Compte tenu des distances et des coûts impliqués, l’envoi de missions de ravitaillement sera à la fois peu pratique et coûteux. C’est pourquoi il est essentiel de s’appuyer sur les ressources locales pour répondre aux besoins de la mission, autrement dit sur l’utilisation des ressources in situ (ISRU).
L’ISRU est particulièrement nécessaire sur Mars, car les missions de ravitaillement pourraient prendre de six à neuf mois pour y parvenir. Heureusement, Mars dispose de ressources abondantes qui peuvent être récoltées et utilisées pour fournir de l’oxygène, du carburant, de l’eau, de la terre pour cultiver des aliments et des matériaux de construction.
Dans une étude récente, une équipe dirigée par la Freie Universität Berlin a évalué le potentiel d’exploitation des ressources de plusieurs gisements de minéraux hydratés déjà identifiés à la surface de Mars. Ils ont également présenté des estimations de la quantité d’eau et de minéraux pouvant être extraits et de la manière dont ils pourraient être utilisés.
L’équipe était dirigée par Christoph Gross, chercheur postdoctoral au sein du groupe de sciences planétaires et de télédétection de l’Institut des sciences géologiques de la Freie Universität de Berlin. Ils étaient rejoints par des chercheurs de l’Institut SETI, du Centre de recherche Ames de la NASA, de l’Institut d’astrophysique spatiale et de l’Institut des systèmes spatiaux du Centre aérospatial allemand (DLR).
Leur article de recherche, «Prospection de ressources in situ pour de futures missions habitées vers Mars, » est publié dans le Acta Astronautica journal.
Comme le notent les auteurs, la NASA et d’autres agences spatiales investissent dans les technologies ISRU pour réduire considérablement la masse globale qui doit être envoyée sur la Lune ou sur Mars pour soutenir les efforts d’exploration humaine.

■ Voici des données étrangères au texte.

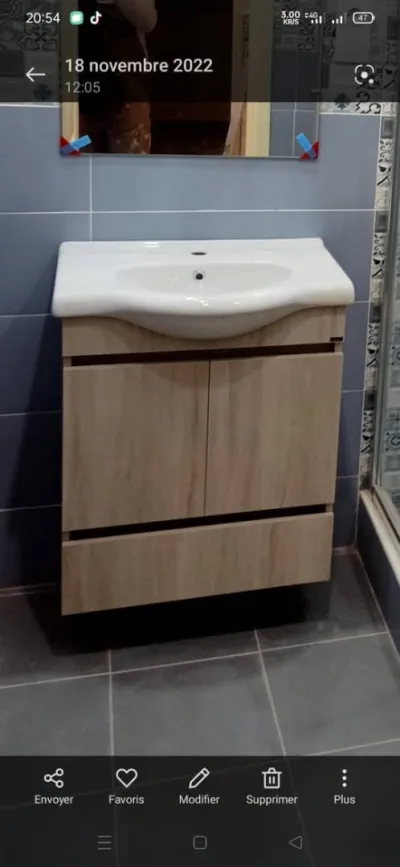 J'ai un meuble salle de bain marque sanitana portugais en melamenie demension 65largeur sur 45profondeur Avec miroir Avec pieds au suspendu 4couleurs Produit importation de qualité Vente

Ces dernières années, cela a donné lieu à des expériences telles que l’expérience MOXIE (Mars Oxygen In-Situ Resource Utilization Experiment) sur le rover Perseverance de la NASA, qui a produit de l’oxygène gazeux à partir du dioxyde de carbone atmosphérique de Mars. L’ESA prépare également une mission de démonstration ISRU pour démontrer que l’eau et l’oxygène peuvent être produits à partir de glace d’eau récoltée sur la Lune.

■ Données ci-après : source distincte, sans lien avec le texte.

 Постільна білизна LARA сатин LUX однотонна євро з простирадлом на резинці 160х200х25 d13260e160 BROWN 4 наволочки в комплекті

Ces ressources pourraient être utilisées dans les systèmes de survie, pour garantir aux équipages des missions un air respirable et de l’eau pour boire et irriguer. Elles pourraient également être utilisées dans le domaine de l’énergie et de la propulsion, pour fournir de l’hydrogène gazeux aux piles à combustible ou aux réacteurs, et pour créer des propulseurs à base d’hydrogène liquide (LH2) et d’oxygène liquide (LOX). Sur Mars, la majeure partie de l’eau est aujourd’hui concentrée dans les calottes glaciaires polaires et le pergélisol ou dans des poches de minéraux hydratés où l’eau coulait autrefois à la surface.

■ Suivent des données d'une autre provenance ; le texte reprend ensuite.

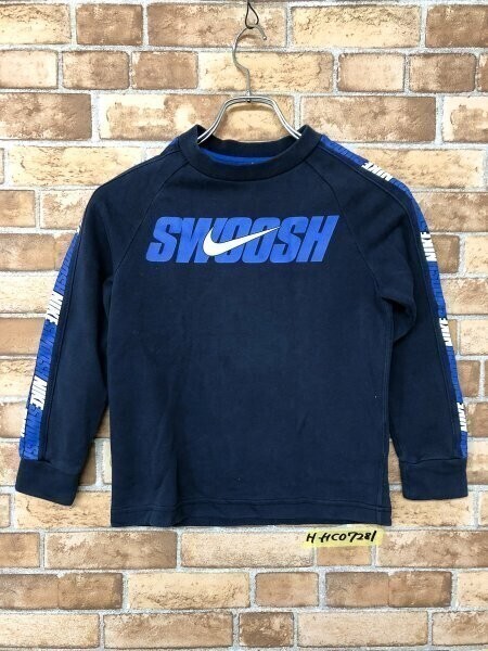 NIKE ナイキ ロゴプリント ラグランスリーブ スウェット トレーナー XS(120-130)紺

Pour les besoins de leur étude, Gross et ses collègues se sont concentrés sur les sites minéraux hydratés, car ils offrent la possibilité d’extraire de l’eau directement à la surface et à des latitudes plus basses. Mais comme Gross l’a expliqué à Universe Today par courrier électronique, ces gisements ont également des applications potentielles en matière de ressources qui vont au-delà de la simple eau :
« Les minéraux hydratés de Mars constituent le plus grand réservoir d’eau connu à ce jour sur Mars (principalement des sulfates et des phyllosilicates). L’eau peut être extraite relativement facilement des sulfates et, comme décrit dans l’article, les minéraux peuvent également être utilisés comme engrais pour la production alimentaire. Les phyllosilicates pourraient être utilisés comme matériau de construction ou, par exemple, pour la céramique. L’eau est la ressource la plus importante, en particulier pour la production de propulseurs. Cela pourrait être plus intéressant pour Mars en raison de la distance par rapport à la Terre, de la gravité, etc. »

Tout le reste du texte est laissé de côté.